● TASK OBJECTIVE:
Please produce an exact copy of only the lines from the one with "Mexican breakfast chilaquiles" through the last one of the material, without pictures.
*** Opening DATA RECORDS ***
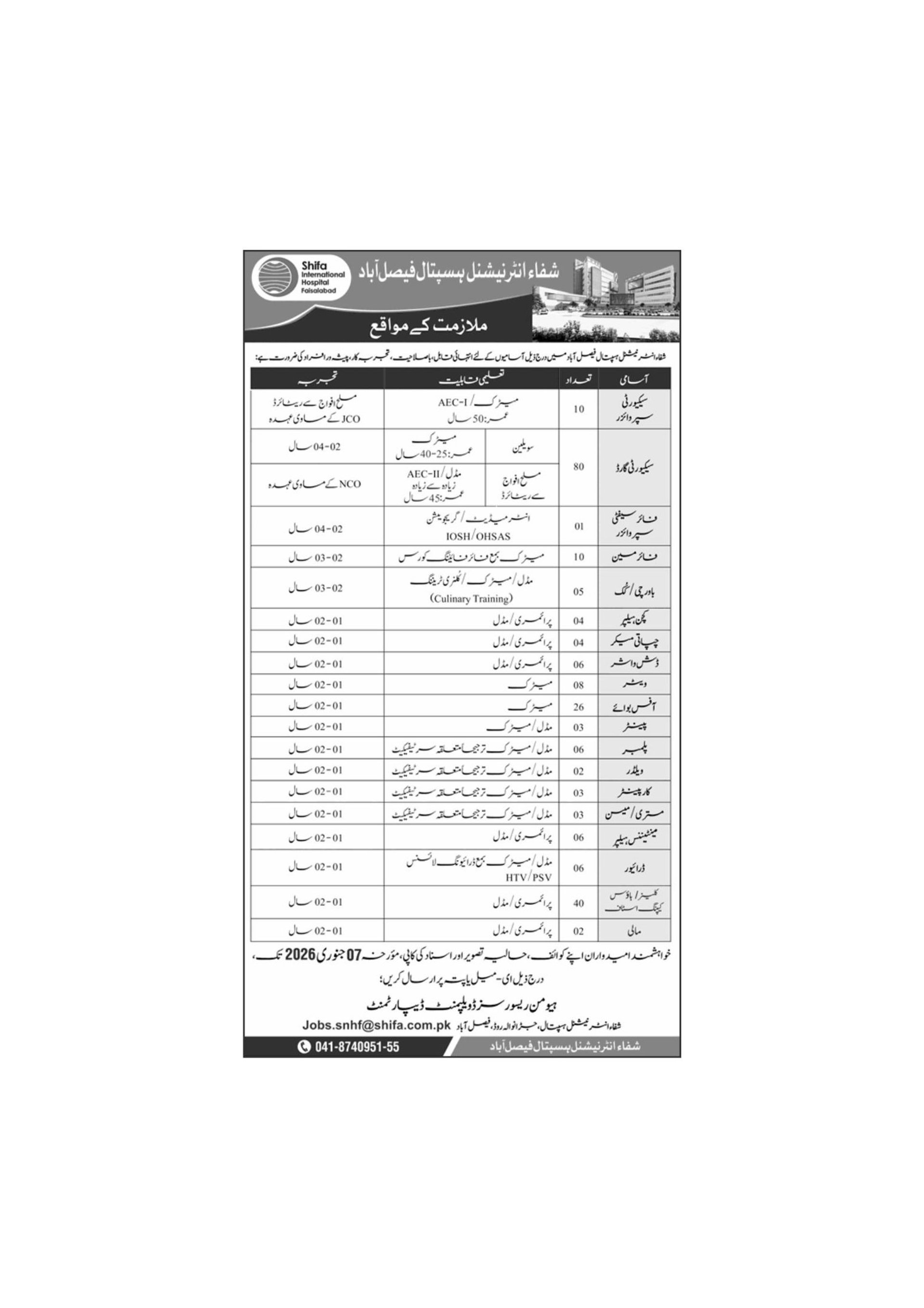 Shifa International Hospital Faisalabad Jobs December 2025 / 2026 Security Guards, Office Boys, Cleaners & Others SIHL
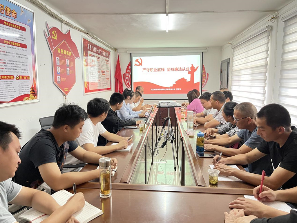 7月6日上午,漢江城建監(jiān)察審計(jì)部到襄陽(yáng)市政新材料有限公司開展廉政宣講活動(dòng),襄陽(yáng)市政新材料有限公司全體黨員、管理人員及鄂西北疫情防控基地項(xiàng)目人員共同參加了本次廉政宣講活動(dòng)。
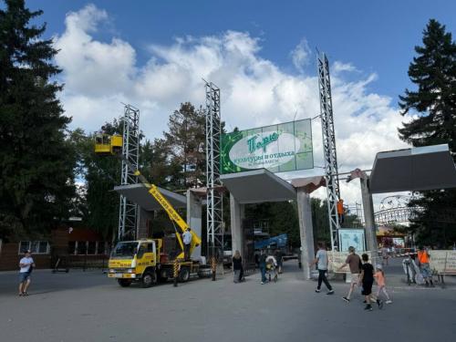 Администрация парка им. 30-летия ВЛКСМ Омска завершила реставрацию, вернувшую историческую вывеску на центральный вход. Входная группа, украшенная яркими растяжками, готовится к завершению косметических работ.
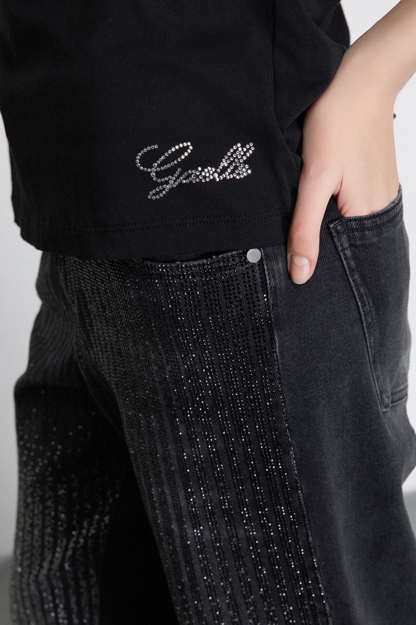 T-Shirt Paricollo Mezza Manica Con Inserto In Pizzo Nero Personal. Strass
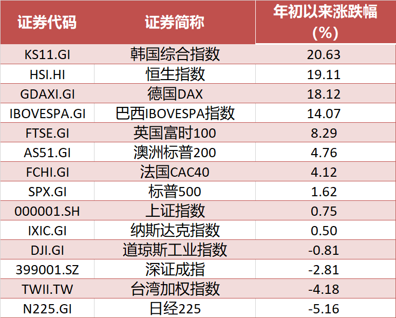 4月初,尽管受到特朗普“关税政策”冲击,恒指一度跌回至19260点,但港股市场很快收复失地。到6月11日,恒指涨至24366点,阶段涨幅达22%,港股市场迎来技术性牛市。截至6月13日,从全球主要市场股指年内涨幅来看,恒生指数累计涨幅达19.11%,仅次于韩国综指,位居第二。
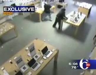 從監(jiān)控錄像看,5名劫匪破窗而入,頭部蒙著面罩,進(jìn)店后便瘋狂開搶。整個搶劫過程僅持續(xù)了31秒鐘,有23部MacBook Pros筆記本,14部iPhone(iPhone玩家論壇)手機(jī)和9部iPod被搶。
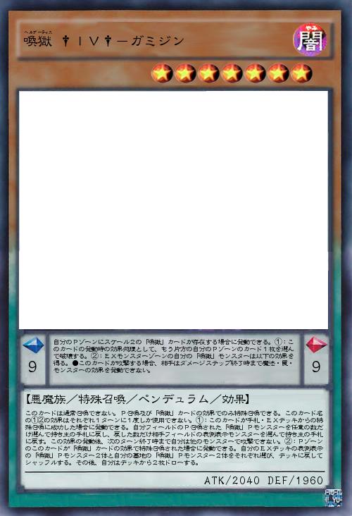 | このカードは通常召喚できない。P召喚及び「喚獄」カードの効果でのみ特殊召喚できる。このカード名の①②の効果はそれぞれ1ターンに1度しか使用できない。①:このカードが手札・EXデッキからの特殊召喚に成功した場合に発動できる。自分フィールドのP召喚された「喚獄」Pモンスターを任意の数だけ選んで持ち主の手札に戻し、戻した数だけ相手フィールドの表側表示モンスターを選んで持ち主の手札に戻す。この効果の発動後、次のターン終了時まで自分は他のモンスターで攻撃できない。②:Pゾーンのこのカードが「喚獄」カードの効果で特殊召喚された場合に発動できる。自分のEXデッキの表側表示の「喚獄」Pモンスター2体と自分の墓地の「喚獄」Pモンスター2体をそれぞれ選び、デッキに戻してシャッフルする。その後、自分はデッキから2枚ドローする。 | |||
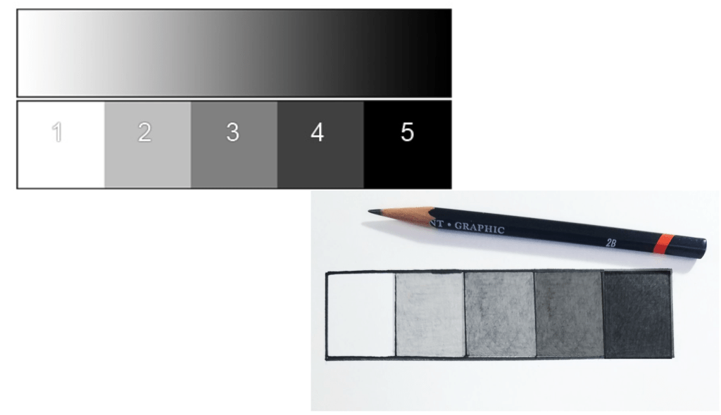 When introducing students to sketching with pencils, we don’t dive into full compositions right away. We begin with a simple and effective exercise: the 5-grid value scale.
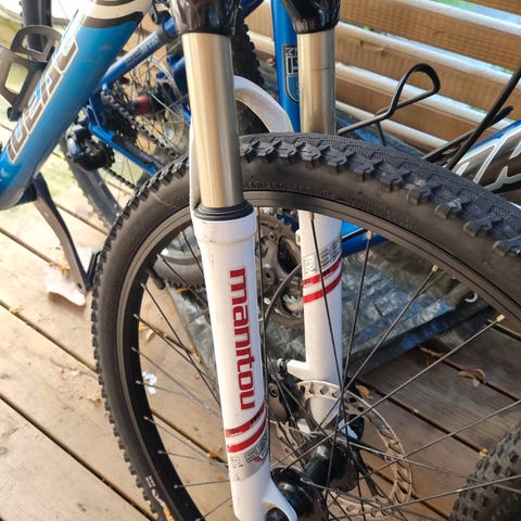 Fin og dyr demper som ikke er mye brukt selges. Styrerør er 19,4 cm. Inner tubes er helt fine og pakninger også. Den trenger muligens litt luft.
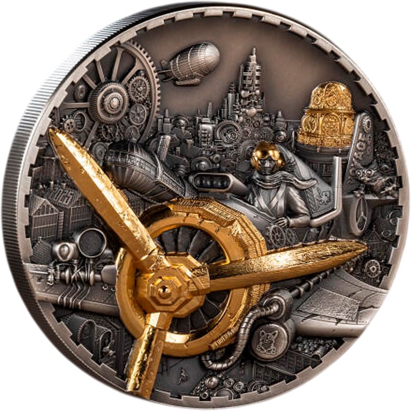 Эта серебряная монета весом в 3 унции – шестая из серии «Стимпанк» (Steampunk). У нее качество античной отделки и выборочное золочение, благодаря технологии Smartminting имеет сверх-высокий рельеф. Поставляется в оригинальном футляре с сертификатом подлинности. Тираж: 888 штук.
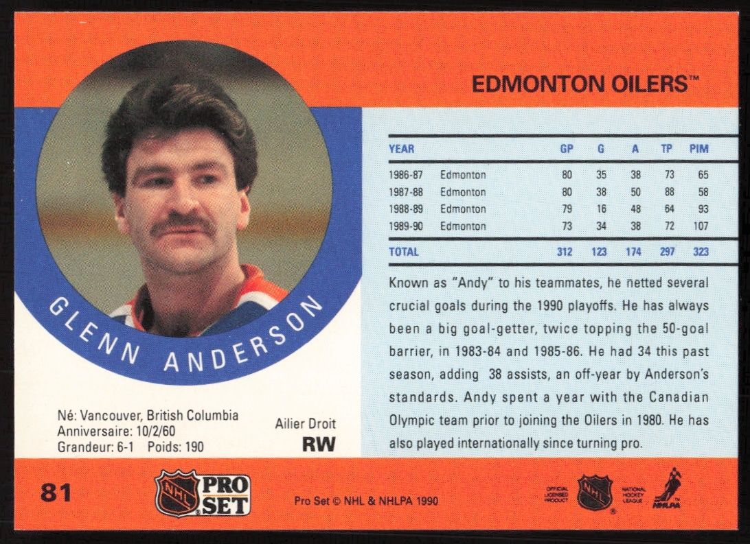 This Hockey card, from 1990-91 is part of the Pro Set card set. Glenn Anderson is featured and has a card number of 81.
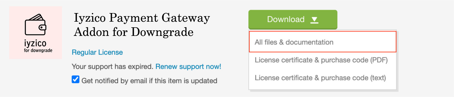• And put your envato addon purchased code and choose the Iyzico.zip file that was downloaded from the CodeCanyon and click on Submit. Install Addon Install Addon
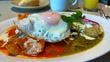 Mexican breakfast chilaquiles with red and green spicy sauce and egg
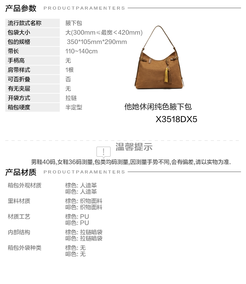 | 包的规格:350*105mm*290mm | 闭合方式:拉链 | 背带方式:手提/单肩 | 内部结构:拉链暗袋 | 风格:休闲 |
*** Closing DATA RECORDS ***
● ANSWER FOR THE TASK:
 Mexican breakfast chilaquiles with red and green spicy sauce and egg
 | 包的规格:350*105mm*290mm | 闭合方式:拉链 | 背带方式:手提/单肩 | 内部结构:拉链暗袋 | 风格:休闲 |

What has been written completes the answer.